On Tue, 23 Oct 2018 16:08:22 +0200, Pierre-Louis Bossart wrote:
Linux 4.17.14, Class Compliant Mode (snd-usb-audio, ALSA backend): 16/2 32 + 80 ~ 2.333 ms
What are these numbers? Are these lines supposed to in the format expressed by the first formula above? If they are, how come "block_size/periods" shows up as a pair of numbers "16/2" but "block_size*periods" shows up as a single number "32"?
To interpret "16/2 32 + 80 ~ 2.333 ms" Block size: 16 samples Periods: 2 (one period for playback + one period for recording when determining round trip latency) The minimum round trip latency is: 16 * 2 = 32 samples However, I measured 112 samples round trip latency which is an additional delay of 80 samples (32 + 80 = 112). 112 samples at 48000 Hz is 112 / 48000 * 1000 is approximately 2.333 ms measured round trip latency.
ok, so what problem are you trying to fix?
Are you concerned about the latency numbers (but then they seem lower on Linux and latency concerns with large buffers are a self-negating proposition)? are you concerned about the variable delay that doesn't seem to exist on MacOS or Windows?
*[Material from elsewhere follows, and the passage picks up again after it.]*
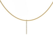 De briljanten op de Niessing Linear Briljant hanger zorgen voor fonkelende accenten. Ze lijken te zweven op de fijne en gebogen voorkant van de verfijnde hanger…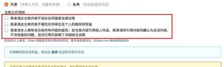 其实,我们可以仔细分一下为什么碍于无可奈何?我关上 Gitee ,登录我的账号后,我将我的开放源码工程项目准备设成申明的时候,会有如下提示:

Are you trying to match the performance of the RME driver on MacOS?
I am not sure how this comparison is done btw, the delay includes both buffering on the device side before reaching the analog parts as well as buffering on the OS side. While the former should be constant, the latter depends a great deal on implementation, not sure there are direct lessons to be applied to ALSA. I also see inconsistent/non-linear results where with a larger block size the delay is smaller, e.g.
256/2 512 + 650 ~ 24.208 ms 2048/3 6144 + 633 ~ 141.188 ms
Independently from the measurement done in this thread, actually, there is a known latency source in the playback path in USB-audio driver code -- which I mentioned in the audio mini conf in the last year: namely, the USB-audio driver starts streaming at prepare time for playback, not at the trigger-START time. This is a sort of workaround to make the device looking similar to the standard ring-buffer behavior.
Maybe moving the start at trigger (like the capture direction) would reduce this artificial latency, but it makes the driver behaving in an unexpected manner. Then it may wake up for period_elapsed soon after the stream start with a large runtime->delay value, as the data in in-flight URBs are seen as already "processed".